> [Requirement] Print out the data below in full and exactly, skipping the pictures.

> [Dataset entries]
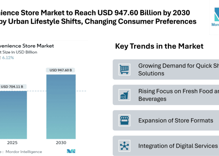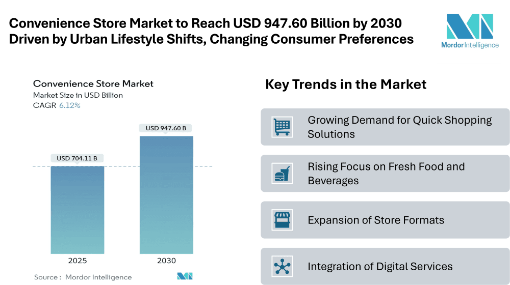 The convenience store market is undergoing steady expansion worldwide, reflecting its vital role in the daily routines of modern consumers. According to the latest convenience store industry report, the market size is projected at USD 704.11 billion in 2025 and is expected to reach USD 947.60 billion by 2030, registering a CAGR of 6.12% during the forecast period. This growth is supported by factors such as urbanization, increasing disposable incomes, and consumers’ demand for quick and hassle-free shopping experiences.
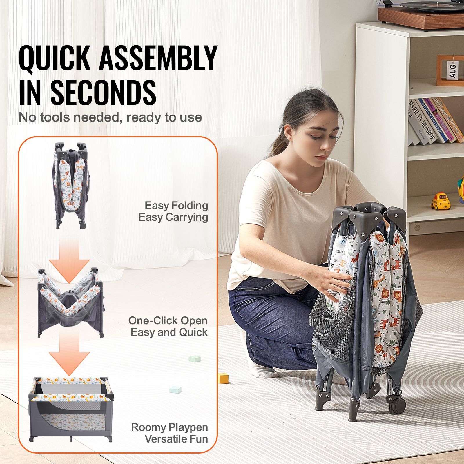 Lightweight and easy to fold, this baby play yard sets up quickly without any tools. After playtime, just fold it up and pack it in the included carrying bag for hassle-free storage and travel, whether you're heading to the park, beach, or visiting family.
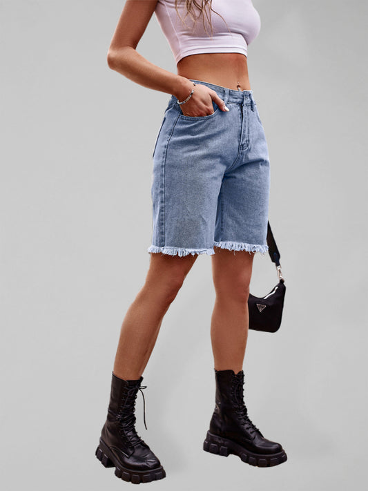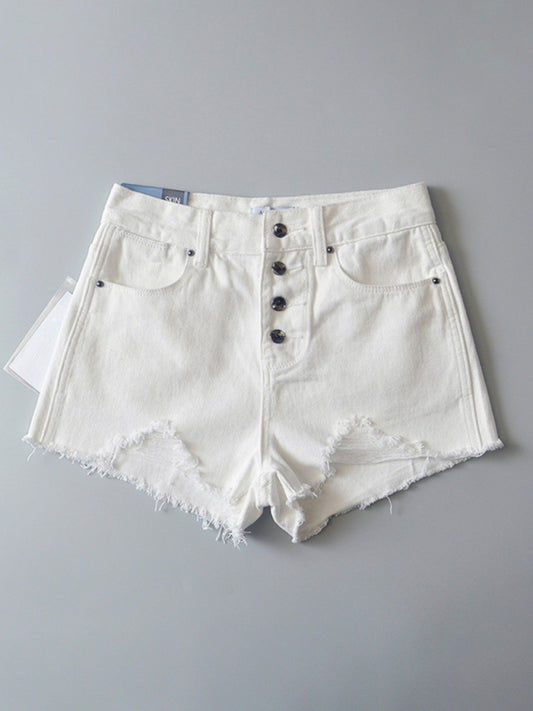 Women's high-waisted buttoned-up washed ripped raw edge denim shorts hot pants
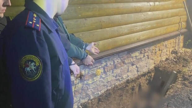 Кадры с ним обнародовал СК. На них видно, что мужчину привезли в сарай, в котором он закопал тела своих жертв.
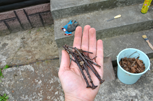 Kb. két órán keresztül csak pucoltam ki az egészet, könyékig nyúlkálva addig a részig, ahol már ép faanyagot találtam. Volt itt hangyaboly, bogárkák, ezen meg sem lepődtem, de alapos tisztogatás után beszórva hangyaporral ezt is kipucoltam.
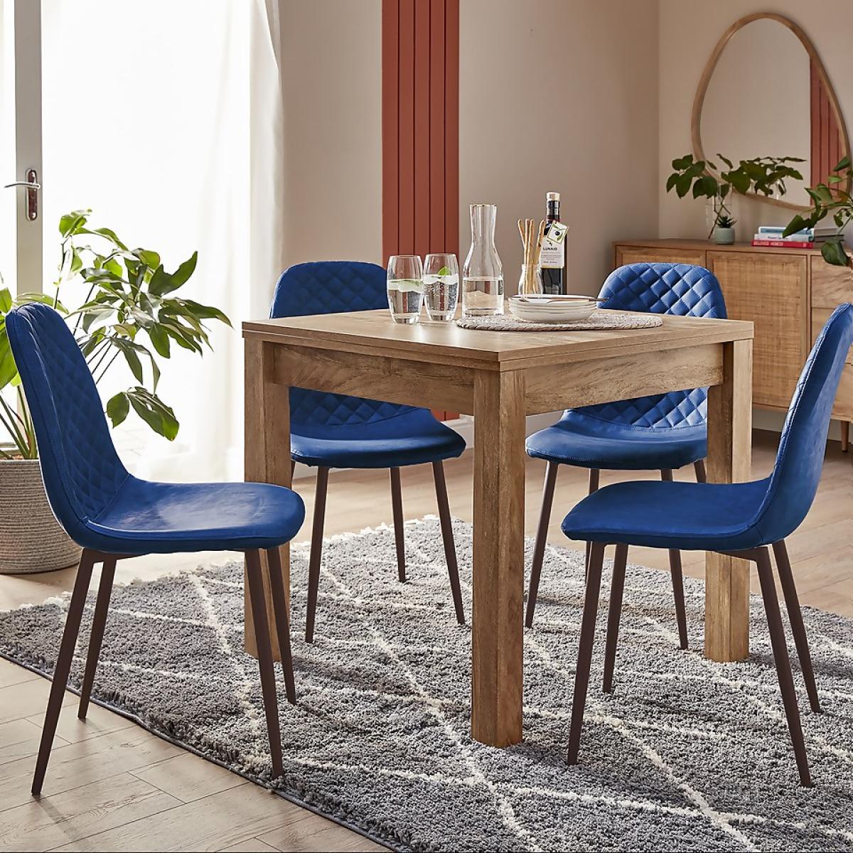 With its charming aesthetic, Kubu extending dining table paired with 4 navy Perth upholstered dining chairs is a bohemian beauty. Savour meals, play board games and enjoy conversations at this elegant dining table. You can double your dining space in an instance by flipping the top over; taking this table from a 4 to a 6-seater. Scale down for cosier dinners and extend out for that big Sunday lunch. The laidback appeal of the boho look is great for the dining room, giving the space a relaxing vibe.
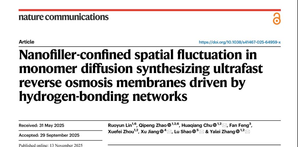 环境科学与工程学院张亚雷、褚华强团队在《自然·通讯》上发表调控单体扩散的空间波动构筑高通量反渗透膜
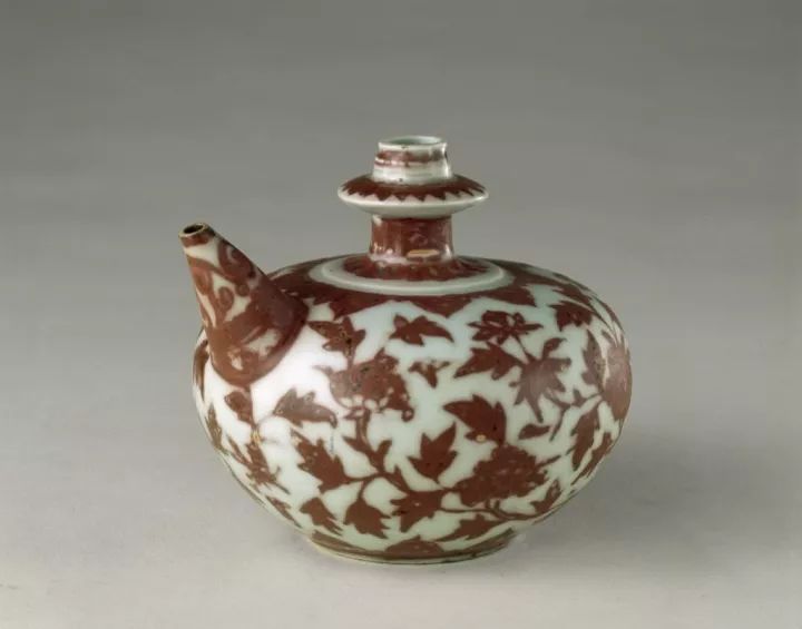 清代康熙朝曾仿烧永乐和宣德时的白釉、红釉僧帽壶。

> [Task solution]
 The convenience store market is undergoing steady expansion worldwide, reflecting its vital role in the daily routines of modern consumers. According to the latest convenience store industry report, the market size is projected at USD 704.11 billion in 2025 and is expected to reach USD 947.60 billion by 2030, registering a CAGR of 6.12% during the forecast period. This growth is supported by factors such as urbanization, increasing disposable incomes, and consumers’ demand for quick and hassle-free shopping experiences.
 Lightweight and easy to fold, this baby play yard sets up quickly without any tools. After playtime, just fold it up and pack it in the included carrying bag for hassle-free storage and travel, whether you're heading to the park, beach, or visiting family.
 Women's high-waisted buttoned-up washed ripped raw edge denim shorts hot pants
 Кадры с ним обнародовал СК. На них видно, что мужчину привезли в сарай, в котором он закопал тела своих жертв.
 Kb. két órán keresztül csak pucoltam ki az egészet, könyékig nyúlkálva addig a részig, ahol már ép faanyagot találtam. Volt itt hangyaboly, bogárkák, ezen meg sem lepődtem, de alapos tisztogatás után beszórva hangyaporral ezt is kipucoltam.
 With its charming aesthetic, Kubu extending dining table paired with 4 navy Perth upholstered dining chairs is a bohemian beauty. Savour meals, play board games and enjoy conversations at this elegant dining table. You can double your dining space in an instance by flipping the top over; taking this table from a 4 to a 6-seater. Scale down for cosier dinners and extend out for that big Sunday lunch. The laidback appeal of the boho look is great for the dining room, giving the space a relaxing vibe.
 环境科学与工程学院张亚雷、褚华强团队在《自然·通讯》上发表调控单体扩散的空间波动构筑高通量反渗透膜
 清代康熙朝曾仿烧永乐和宣德时的白釉、红釉僧帽壶。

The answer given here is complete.